Convex neural network synthesis for robustness in the 1-norm
Ross Drummond, Chris Guiver, Matthew C. Turner
TL;DR
This work tackles the robustness–accuracy trade-off in neural networks for safety-critical control by proposing a fully convex neural network synthesis method. By reformulating robustness in the $\ell_1$-norm and exploiting ReLU representations, the authors derive an SDP (single, convex optimization) to compute a robustified network that remains close to the original mapping. The key contribution is a tractable, LMI-based framework that certifiably improves robustness while controlling similarity to the original network, enabling certifiable performance in applications such as robust MPC. The approach provides a practical pathway to integrate neural networks into safety-critical controllers with tunable robustness guarantees and potential for scalable controller synthesis.
Abstract
With neural networks being used to control safety-critical systems, they increasingly have to be both accurate (in the sense of matching inputs to outputs) and robust.

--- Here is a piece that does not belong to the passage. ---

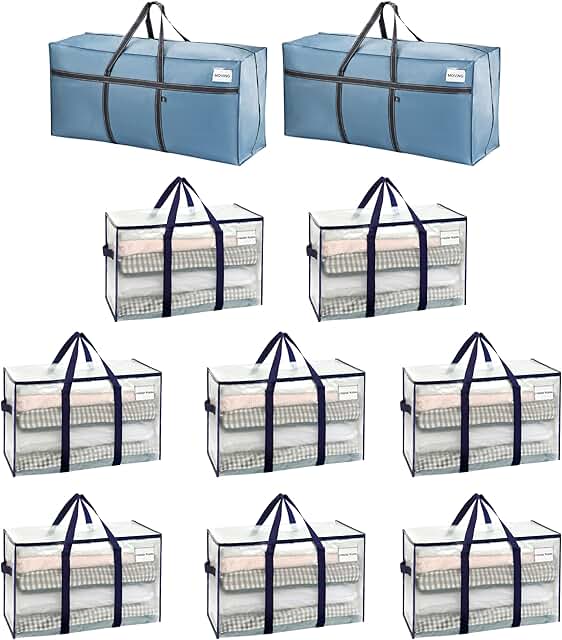This set includes ten heavy-duty moving bags designed for secure storage and transportation. The package features eight oversized clear storage moving bags and two extra-large moving bags, providing ample space for packing various household items. The durable construction ensures strength and reliability during moving or storage. The clear design allows for easy identification of contents without opening the bags. These versatile bags are suitable for organizing clothing, bedding, toys, and other household items, making packing more efficient. The sturdy handles facilitate easy lifting and carrying, while the reinforced seams enhance durability. Ideal for both residential and commercial use, these bags help keep belongings organized and protected during transit or storage. Their large capacity and robust build make them a practical solution for managing bulky or numerous items, simplifying the moving process and reducing the risk of damage.

However, these two properties are often at odds with each other and a trade-off has to be navigated. To address this issue, this paper proposes a method to generate an approximation of a neural network which is certifiably more robust. Crucially, the method is fully convex and posed as a semi-definite programme. An application to robustifying model predictive control is used to demonstrate the results. The aim of this work is to introduce a method to navigate the neural network robustness/accuracy trade-off.